Il motivo è fondato, nei termini che seguono.

Secondo l’orientamento di questa Corte “la L 28 gennaio 1994, n. 84, eliminando la riserva, a favore delle compagnie portuali e dei gruppi portuali, delle operazioni di sbarco, di imbarco e di maneggio delle merci, in attuazione sia del principio della libertà di iniziativa economica ex art. 41 Cost., comma 1, sia del principio comunitario di libera concorrenza, ha imposto la trasformazione in società delle compagnie e dei gruppi portuali “per l’esercizio in condizioni di concorrenza delle operazioni portuali” (L. 28 gennaio 1994, n. 84, art. 21, comma 1, lett. a)” (Cass. n. 7651/06, Cass. n. 7868/16; Cass. n. 13960/2019). Appare evidente, pertanto, la natura privata, esercitata in forma concorrenziale dell’attività dei concessionari dei beni demaniali portuali, per la quale essi sono assoggettabili al pagamento dei tributi, anche in tema di ICI, per l’utilizzo delle aree scoperte senza le quali non potrebbero esercitare la propria impresa commerciale.

La sentenza impugnata pone un’erronea ed immotivata equiparazione tra impresa esercente attività portuale (quindi, lucrativa) e svolgimento di un servizio pubblico che è proprio, nell’attuale fase, dell’autorità di vigilanza del settore. E’, infatti, irrilevante che le attività “portuali” siano di pubblico interesse, in quanto l’interesse generale allo svolgimento dell’attività non esclude che quest’ultima sia esercitata secondo criteri economici tipici dell’impresa commerciale. Con riferimento alle aree portuali scoperte, la giurisprudenza di legittimità ha tenuto distinto il fenomeno dell’impresa esercente attività portuale (quindi, lucrativa) dallo svolgimento di un servizio pubblico che è proprio, nell’attuale fase, dell’autorità di vigilanza del settore (Cass. n. 4221 del 13/02/2019; n. 8536 del 27/03/2019; n. 34657/2019; n. 10287 del 12/04/2019; n. 10031/2017, n. 1369/2017, n. 20259/2017, n. 20026/2015).

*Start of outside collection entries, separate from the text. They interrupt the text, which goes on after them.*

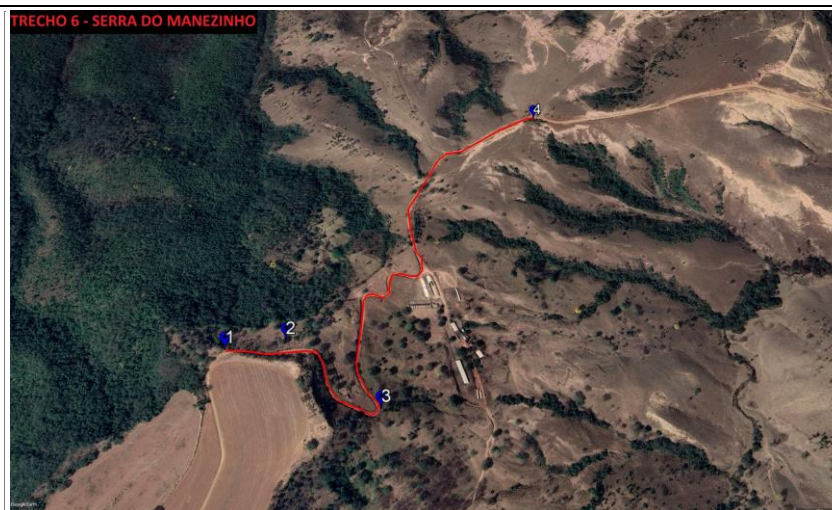
TRECHO 6 - SERRA DO MANEZINHO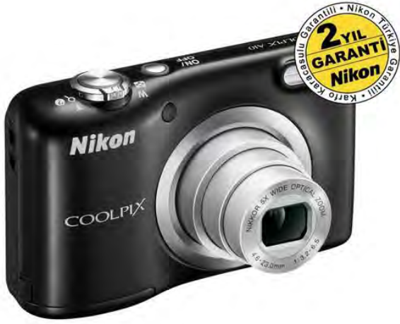
Nikon Coolpix A10 Black Dijital Kompakt Fotoğraf Makinesi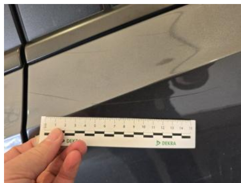
Fot. 50 Drzwi tylne L() - Rysa/odprysk 3

Non possono conclusivamente essere classificati in categoria E, e, quindi, esenti da ICI, gli immobili destinati ad un uso commerciale, industriale, ad ufficio privato ovvero ad usi diversi, qualora gli stessi presentino autonomia funzionale e reddituale (Cass. n. 20026/15).

Nel caso di specie, le aree cd. “scoperte” risultano indispensabili al concessionario del bene demaniale per svolgere la propria attività imprenditoriale e sono pertanto soggette a ICI, poichè, ciò che conta ai fini ICI è che ogni area sia suscettibile di costituire un’autonoma unità immobiliare, potenzialmente produttiva di reddito.

La sentenza, che non si è adeguata alla richiamata giurisprudenza, va, pertanto, cassata e rinviata nuovamente alla sezione regionale della Liguria, affinchè, alla luce dei principi sopra esposti, riesamini il merito della controversia.

P.Q.M.

Accoglie il ricorso; cassa la sentenza impugnata e rinvia, anche per le spese del presente giudizio di legittimità, alla Commissione Tributaria Regionale della Liguria, in diversa composizione.

Così deciso in Roma, il 10 novembre 2020.